Oh I've got RUB's , I just don't fancy leaving them in there for long  I don't have the heating and lighting,

I have a spare heat mat so I guess my Leo would be ok but it wouldn't be stat'd and no lighting as that's all wired up into the Viv (although it is removable in a 'must' situation it's just a pain getting it in and out ) 
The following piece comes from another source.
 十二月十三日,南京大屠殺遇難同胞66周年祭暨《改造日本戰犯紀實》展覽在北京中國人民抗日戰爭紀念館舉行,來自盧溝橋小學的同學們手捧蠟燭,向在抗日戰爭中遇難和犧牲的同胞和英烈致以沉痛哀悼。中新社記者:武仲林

The rankins though have over head heat so I have no substitute there :/


----------



## justairplants (Mar 2, 2010)

heatherjhenshaw said:


> Hi
> 
> What do people use if they want to fix things into a vivarium AFTER the lizard has moved in. I'm very conscious of fumes
> 
> ...


Guess it depends what you are trying to attach
Gill


----------



## stungy (May 28, 2011)

Hot glue works pretty well,you can get the sticks from£ land and just warm with a lighter or cooker hob.But like already mentioned depends on what you want to stick


----------



## heatherjhenshaw (Jan 30, 2010)

Lol well I'm not entirely sure what as yet, I want the back to look more natural, less 'wooden box' but I don't want to go down the road of expanding foam and grout 

It would have to be 'cleanable' as well, my current thoughts are some form of hooks that I could hang plants (fake or real if my air plant recover) from and disguise they hooks with moss, but I'm searching for ideas really, I've looked in the photos section and there's some fantastic stuff but it all looks too complex


----------



## iggiethegecko (Jul 17, 2011)

I think going down the route of hooks is a good idea. I'm looking at improving my beardie's viv over the coming months and have so far screwed a trellis on the back and added the fake plants to that. I made a free standing poly and grout basking rock which has proved popular with the dragon. Next thing on the list is to attached some shelves for her to climb. Was thinking of poly and grouting the shelves to look like logs or rocks then just using standard brackets for shelves to fix it in place. Would be interested to hear/see pics of what you end up doing with your vivs. :2thumb:


----------



## alexandrosham (Nov 5, 2011)

iggiethegecko said:


> I think going down the route of hooks is a good idea. I'm looking at improving my beardie's viv over the coming months and have so far screwed a trellis on the back and added the fake plants to that. I made a free standing poly and grout basking rock which has proved popular with the dragon. Next thing on the list is to attached some shelves for her to climb. Was thinking of poly and grouting the shelves to look like logs or rocks then just using standard brackets for shelves to fix it in place. Would be interested to hear/see pics of what you end up doing with your vivs. :2thumb:


Maybe some strong pieces of Velcro? 
easily removable for cleaning as well 


Sent from my iPad using Tapatalk HD


----------